Exemples avec une patiente qui a la peur irrationnelle d’avoir un cancer (pp. 210-211), une autre qui vit difficilement et avec culpabilité son IVG (p.211).

De même, avec une dame entretenant une liaison avec un homme marié et ne se satisfaisant pas de sa situation, déversant son trop plein de souffrance et de mal-être psychique un dimanche de garde sans que Sachs ne lui fasse payer sa consultation (pp. 348-354).

Ou encore avec le cousin Roland de Sachs, qui a mal à l’épaule et au bras gauche, et qui a peur d’avoir une douleur coronarienne (pp. 359-363).
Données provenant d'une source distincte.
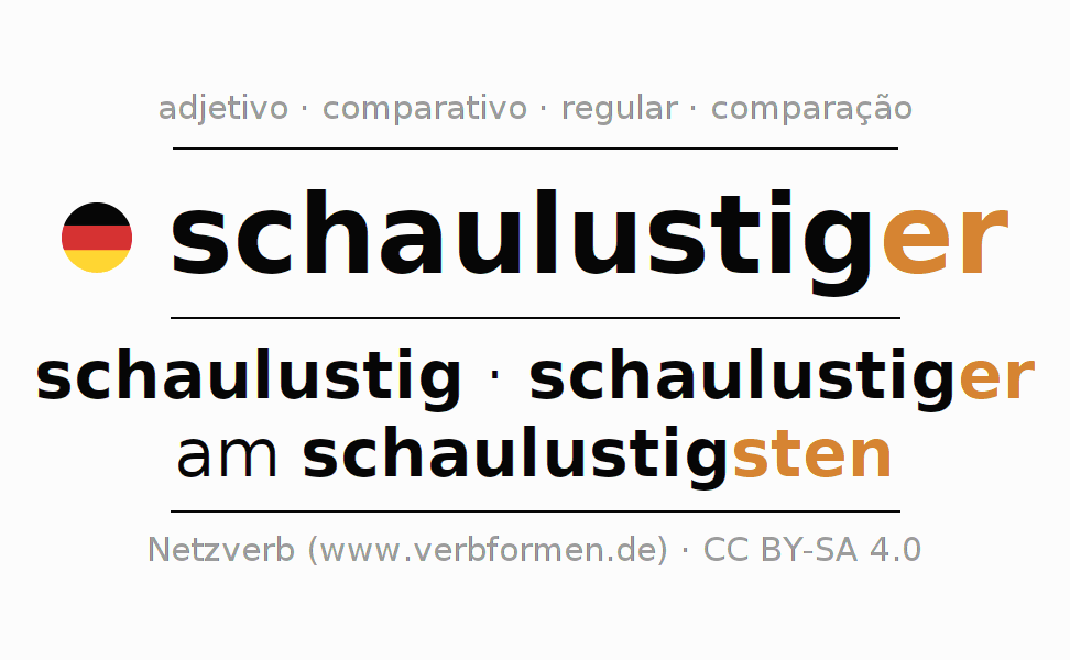 A declinação do adjetivo schaulustiger (curioso) utiliza as seguintes formas de comparação schaulustig,schaulustiger,am schaulustigsten. As terminações para o comparativo e o superlativo são er/sten. O adjectivo schaulustiger pode ser utilizado tanto como atributivo antes de um substantivo ou como predicativo junto com um verbo.Não se pode flexionar e comparar somente o adjetivo schaulustiger, mas sim todos os adjetivos em alemão. Comentários ☆

Un flot de plaintes, pas forcément médicales

Car c’est là la caractéristique fondamentale de l’exercice médical, une caractéristique qui n’est jamais, nulle part, enseignée en faculté de médecine. C’est que le métier de médecin, ce n’est pas avant tout soigner des pathologies. C’est avant tout écouter beaucoup, beaucoup de problèmes qui stricto sensu ne sont pas médicaux, et pour lesquels il n’y a pas UNE seule bonne réponse. Des problèmes triviaux, banals, mais qui prennent une importance considérable pour les patients. Des problèmes qui peuvent laisser le médecin, formé à trouver une solution à un problème médical, impuissant à trouver une réponse à ces problèmes non médicaux. Ainsi des mères de famille qui se plaignent que leurs jeunes enfants refusent tel ou tel aliment, tel ou tel plat, pourtant préparé avec amour (p. 146, p. 152).